__Task prompt__
Output the data below exactly as it is, dropping the pictures from your copy.

__Records supplied__
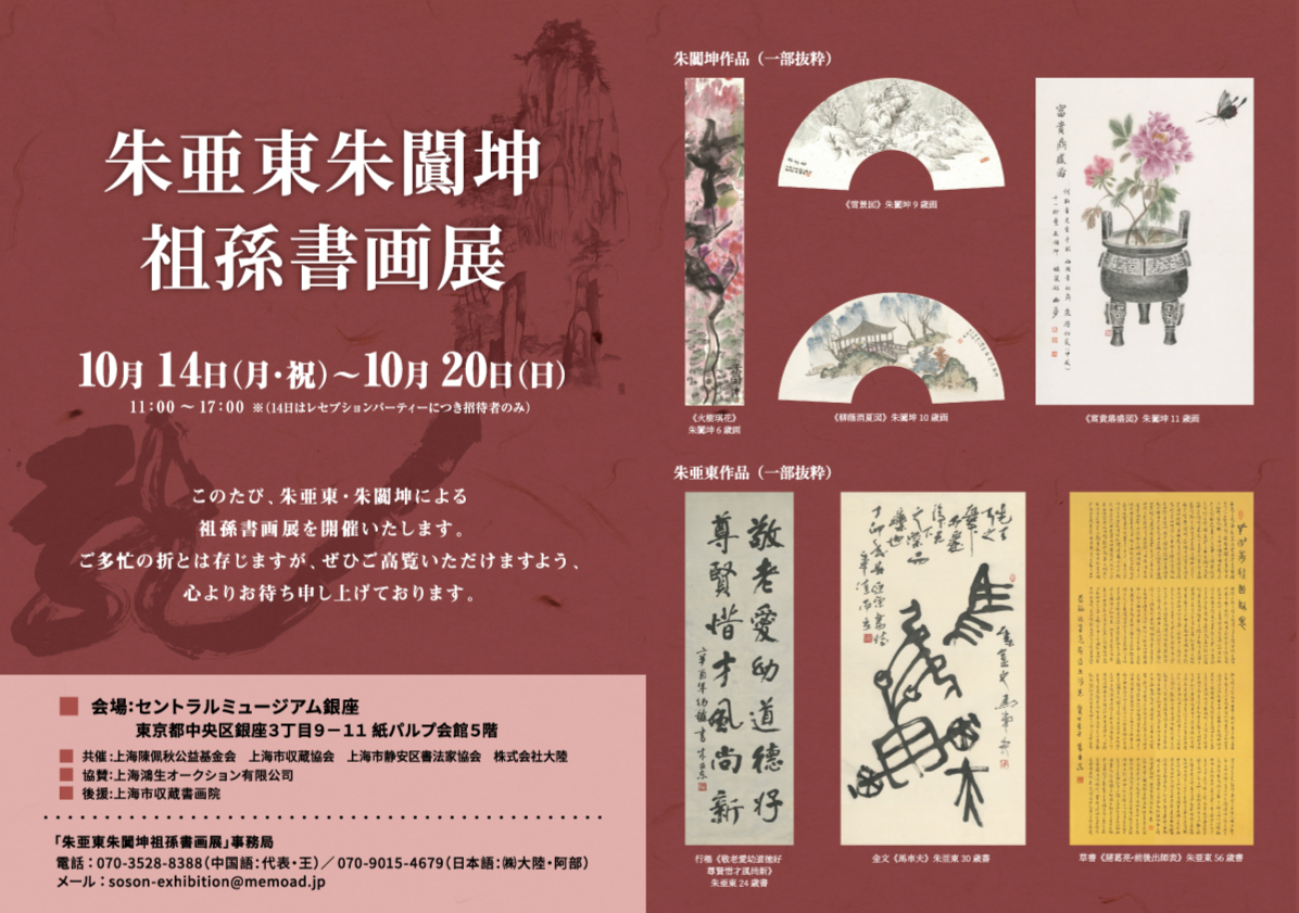 儒学者の祖「南宋の朱熹」の直系子孫であり、中国・上海で活動する書道家 朱亜東とその孫 朱闐坤が、日本国内初となる書画展「朱亜東×朱闐坤 祖孫書画展」を東京・銀座にて10月14日(月・祝)より開催いたします。今回、朱亜東と朱闐坤、祖孫共同の書画展としては2021年の上海での開催に次ぐ2回目の開催であり、朱亜東、朱闐坤共に、日本国内で個展を開催するのは初めての試みとなります。今回の書画展は、祖孫がテーマとしている「人生は芸術の旅」を体現するようなものであり、過去の個展で好評を得た作品を一挙展示いたします。(全72点展示予定)
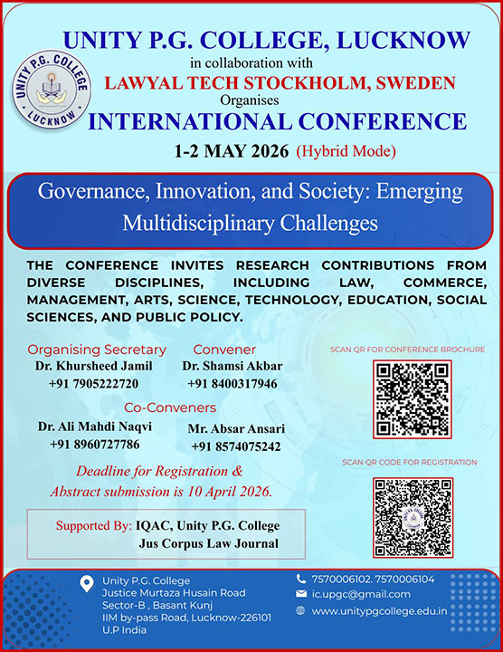 Unity P.G. College, Lucknow, also holds the distinction of being the first law college in Lucknow to have introduced the B.A. LL.B. (Hons.) course, marking a significant milestone in legal education in the region. Over the years, the college has gone from strength to strength and has emerged as a premier law institute and one of the top colleges in Lucknow. Its flagship programmes – LL.B. and B.A. LL.B. (Hons.) – have consistently produced competent and ethical legal professionals with a strong sense of social responsibility.
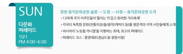 | 16:00~17:00 | 프린지콘서트4 (성산아트홀 야외무대) | 프린지콘서트8 (성산아트홀 야외무대) | 다문화퍼레이드 중앙대로 (경남도청-창원시청) | ||
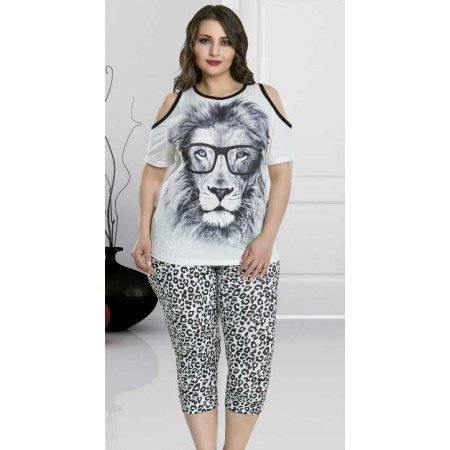В набор входят бриджи чёрно-белой леопардовой расцветки и белая футболка с принтованным львом и открытыми плечами.
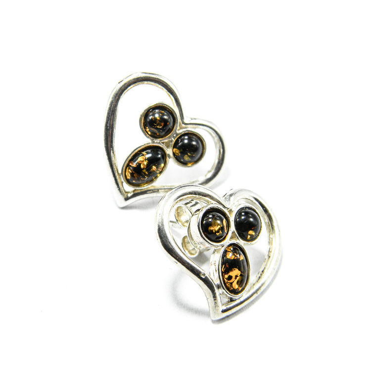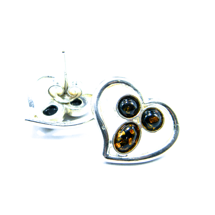 Cercei din argint 925, in forma de inimioare, decorati cu chihlimbar verde.

__Answer to this problem__
 儒学者の祖「南宋の朱熹」の直系子孫であり、中国・上海で活動する書道家 朱亜東とその孫 朱闐坤が、日本国内初となる書画展「朱亜東×朱闐坤 祖孫書画展」を東京・銀座にて10月14日(月・祝)より開催いたします。今回、朱亜東と朱闐坤、祖孫共同の書画展としては2021年の上海での開催に次ぐ2回目の開催であり、朱亜東、朱闐坤共に、日本国内で個展を開催するのは初めての試みとなります。今回の書画展は、祖孫がテーマとしている「人生は芸術の旅」を体現するようなものであり、過去の個展で好評を得た作品を一挙展示いたします。(全72点展示予定)
 Unity P.G. College, Lucknow, also holds the distinction of being the first law college in Lucknow to have introduced the B.A. LL.B. (Hons.) course, marking a significant milestone in legal education in the region. Over the years, the college has gone from strength to strength and has emerged as a premier law institute and one of the top colleges in Lucknow. Its flagship programmes – LL.B. and B.A. LL.B. (Hons.) – have consistently produced competent and ethical legal professionals with a strong sense of social responsibility.
 | 16:00~17:00 | 프린지콘서트4 (성산아트홀 야외무대) | 프린지콘서트8 (성산아트홀 야외무대) | 다문화퍼레이드 중앙대로 (경남도청-창원시청) | ||
В набор входят бриджи чёрно-белой леопардовой расцветки и белая футболка с принтованным львом и открытыми плечами.
 Cercei din argint 925, in forma de inimioare, decorati cu chihlimbar verde.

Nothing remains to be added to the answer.